Şöyle Bir Düşün Ey Sevgili Dostum;
Seni yaratan Yüce Allah’ı seviyor, O’nun emir ve yasaklarına uyabiliyor musun?
Hiçbir kimsenin gıybetini yapmamaya özen gösterebiliyor musun?
Kapılardaki açılamayacak kilitlerinin anahtarlarının besmele olduğunun farkında mısın?
Bizleri yaratan Yüce Allah’ın bize her zaman şah damarımızdan daha yakın olduğunun bilincini taşıyabildin mi?
Sağında ve solunda her daim seni izleyen ve senin işlemiş oyduğun günahları ve sevapları yazan meleklerin bulunduğunu hatırında tutabildin mi?
Sürekli olarak abdesti bozulduğunda abdest alan kimselerin cennette yer alacağını düşünerek abdestin bozulduğu anda hemen abdest almayı alışkanlık haline getirebildin mi?
Kendi kendine bir bakıp, başkalarındaki meziyetlerin bulunup bulunmadığını ölçüp tartabiliyor musun?
Allah’ın verdiğinden devamlı olarak verip cömertlerle yarışabiliyor musun?
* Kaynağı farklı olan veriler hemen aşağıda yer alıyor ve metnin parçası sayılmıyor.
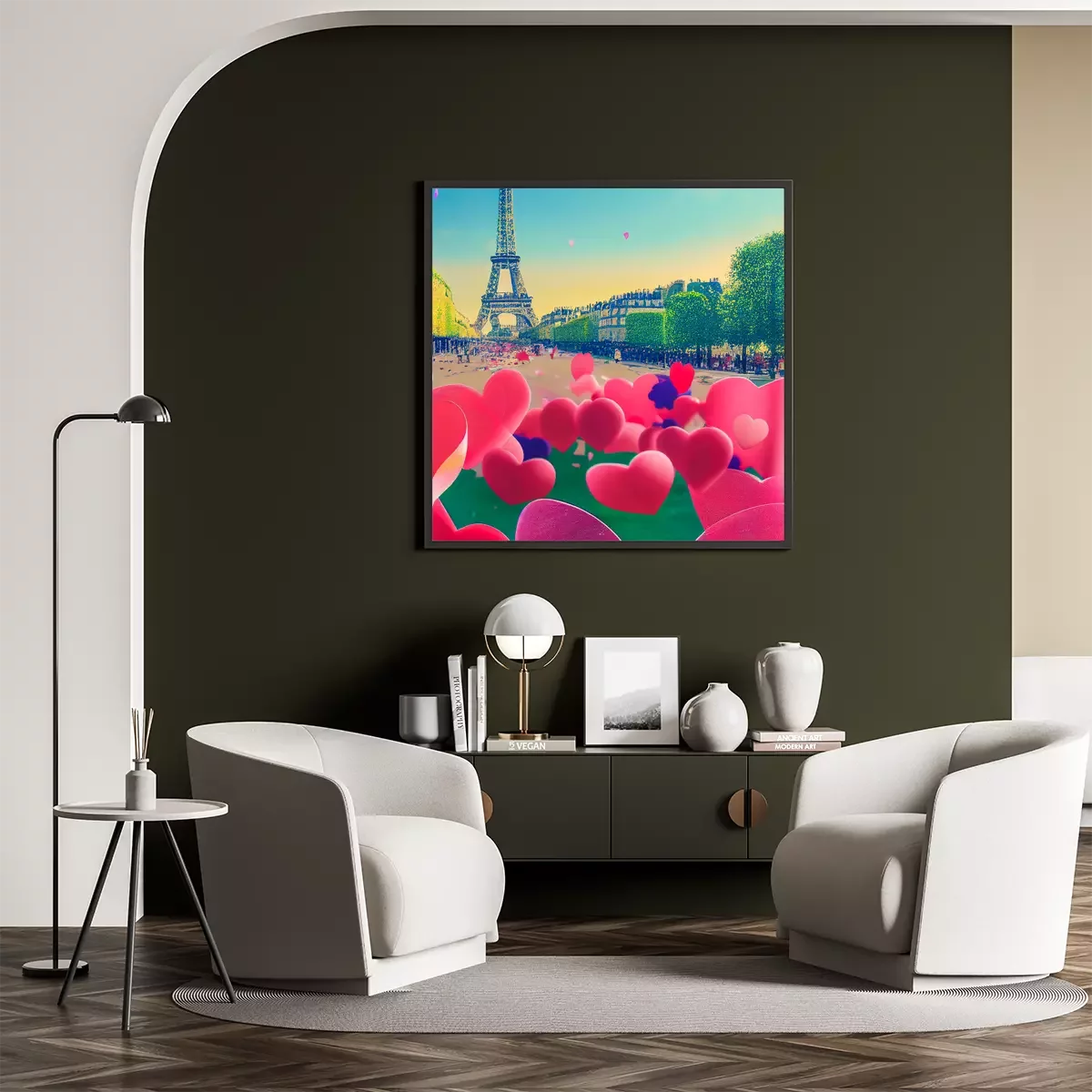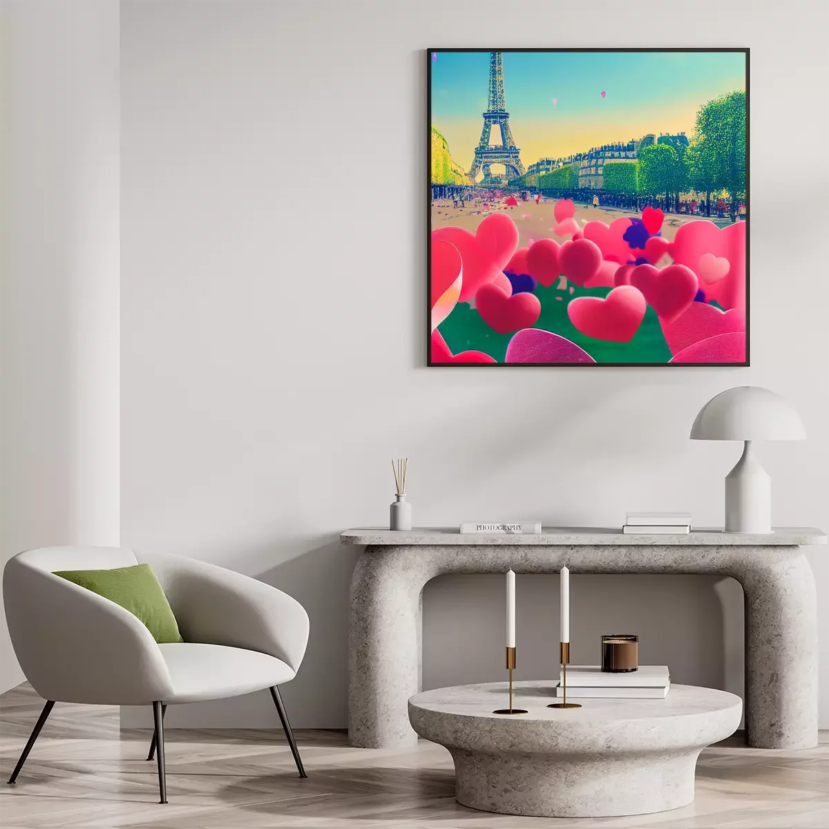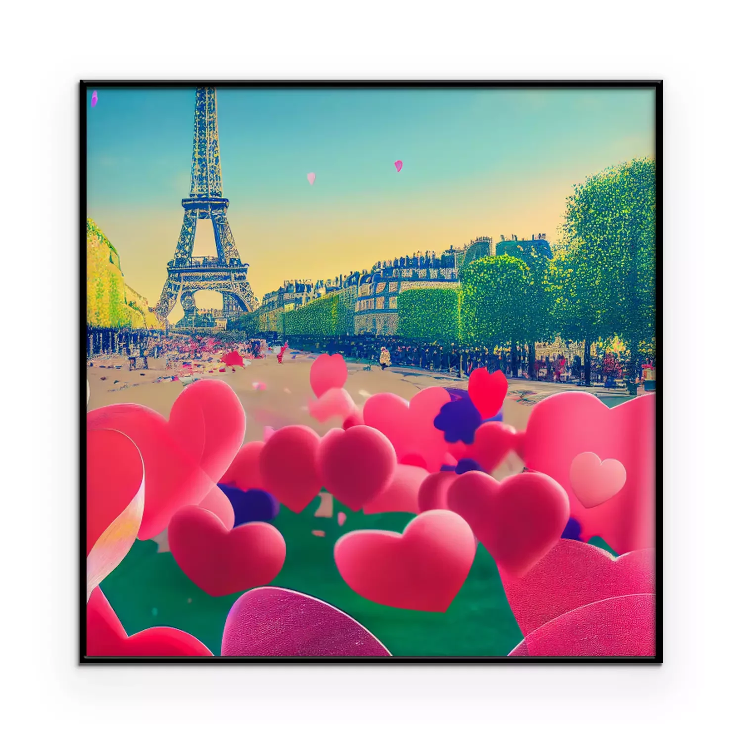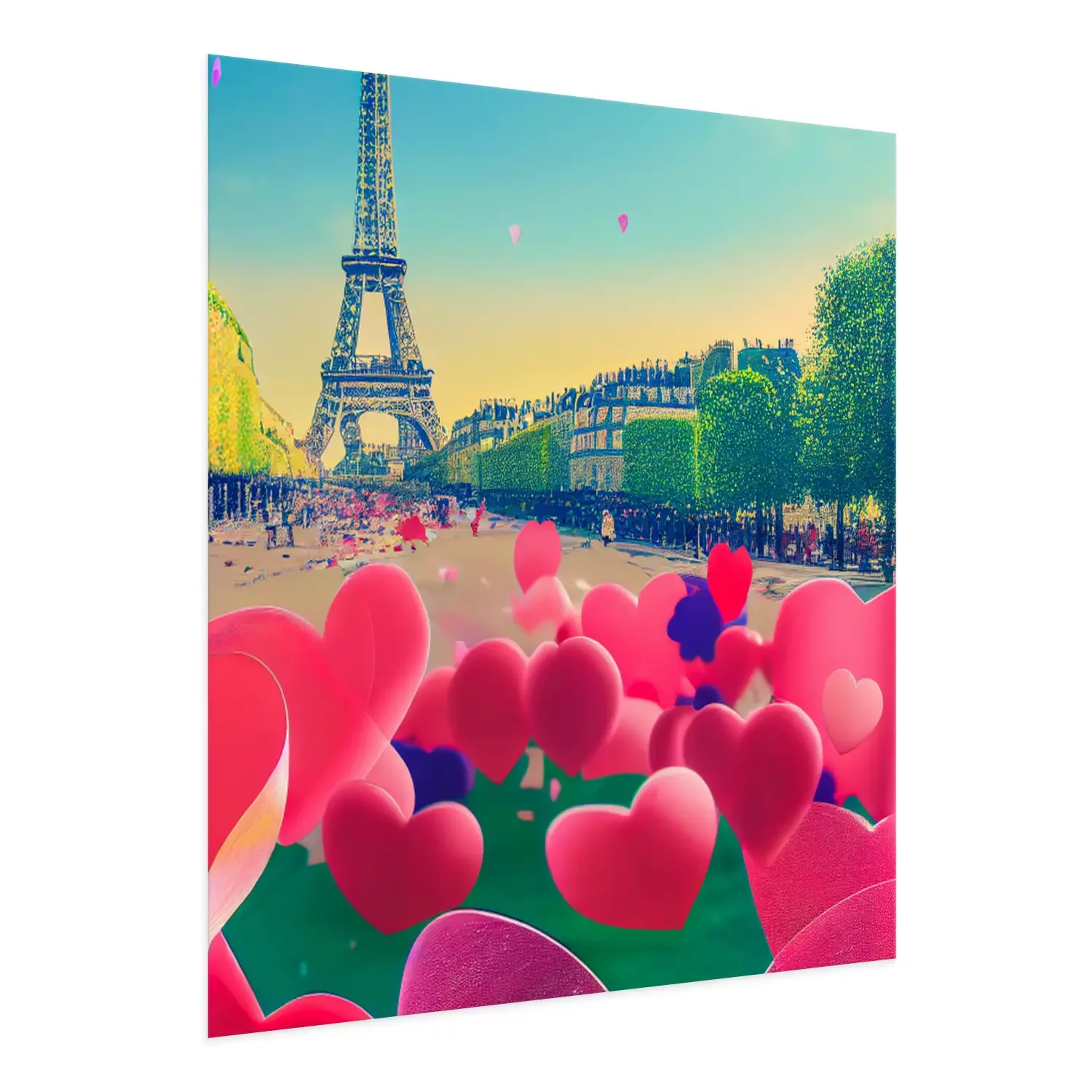 Poster: Romantisches Paris mit Herzen

Boş zamanlarında e tenhalarda seni yaratan Yüce Allah’ı zikretmeye devam edebiliyor musun?
Yetimlerin, öksüzlerin ve yardıma muhtaç olanların yaralarına merhem olmak için çaba gösterebiliyor musun?
Çocukların daha küçük iken onlara milli ve manevi değerleri aşılama görevini ifa ederken, kesinlikle her ne olursa olsun hiçbir zaman yalan söylememeleri gerektiğini kalplerine nakış gibi işleyebildin mi?
Mübarek kitabımız Kur’an’ı Kerim’i öğrenip, okuyup, anlayıp, anladığıyla emel edebildin mi? Çocuklarına Kur’an öğretebildin mi?
Şu yalan olan dünyada her bir şey gelip geçicidir. Sen de şu yalan olan dünyayı ahireti kazanma yolunda kullanmaya çalışabildin mi?
Beş vakit namazların haricinde Allah’a yaklaşabilmenin nafile ibadetlerle olabileceğinin bilincine varabildin mi?
Sokakta gördüğün her bir insanın kendinden daha üstün meziyetler içinde bulunduğunu hiç düşünebildin mi?
Ailenin rızkını hep helal yollardan kazanıp, merde değil merde, namerde dahi muhtaç olmadan hayatını idame ettirebilme gibi bir gayretin ve çaban oldu mu?
Günümüz dünyasında perişan olan, yurtlarından atılan ve her ne sebeple olursa olsun yurdumuza gelmiş nice Müslüman kardeşlere kucak açma yolunda, onların ihtiyaçlarının karşılanması sırasında üzerine düşen görevi bi hakkın yapmaya çalışırken ensar ve muhacir kelimelerinin anlamları aklına hiç geldi mi?
Beş vakit namazı mümkün olduğunca her gün cemaatle eda etme gibi bir dendi taşıyabildin mi?
Uzun kış gecelerin Müslümanların için bereketli olduğunu düşünerek, ailenle birlikte haftanın hiç olmazsa bir gününde bir araya gelerek hiç değilse bir saat Allah dostlarının kitaplarından kıssaları okuyup, hisselerin alınması için gerekli çaba ve gayret içinde bulunabildin mi?
Kalplerimiz yıllardır sürülemeyen bakımsız bir tarla iken ve tarlamızı işe yaramayan otlardan, çöplerden ve ayrık otlarından temizlemek için Yüce Allah’ı zikretmek için bir derdin ve çaban oldu mu?
Birileri aç yatarken, birileri bir şeylere ihtiyaç duyarken, birilerinin ihtiyaçları günden güne devamlı olarak artarken rahatça uyku uyuyabiliyor musun?
Her gün ama her gün yatmadan önce kendini hesaba çekip, akşama kakar işlediğin günahlarını ve sevaplarını manevi terazide tartmaya yeltenebiliyor musun?
Bütün bu sorulara olumlu bir şekilde cevap verebilen dostlara selam olsun, müjdeler olsun, helal olsun, cennet sizin mekânınız olsun.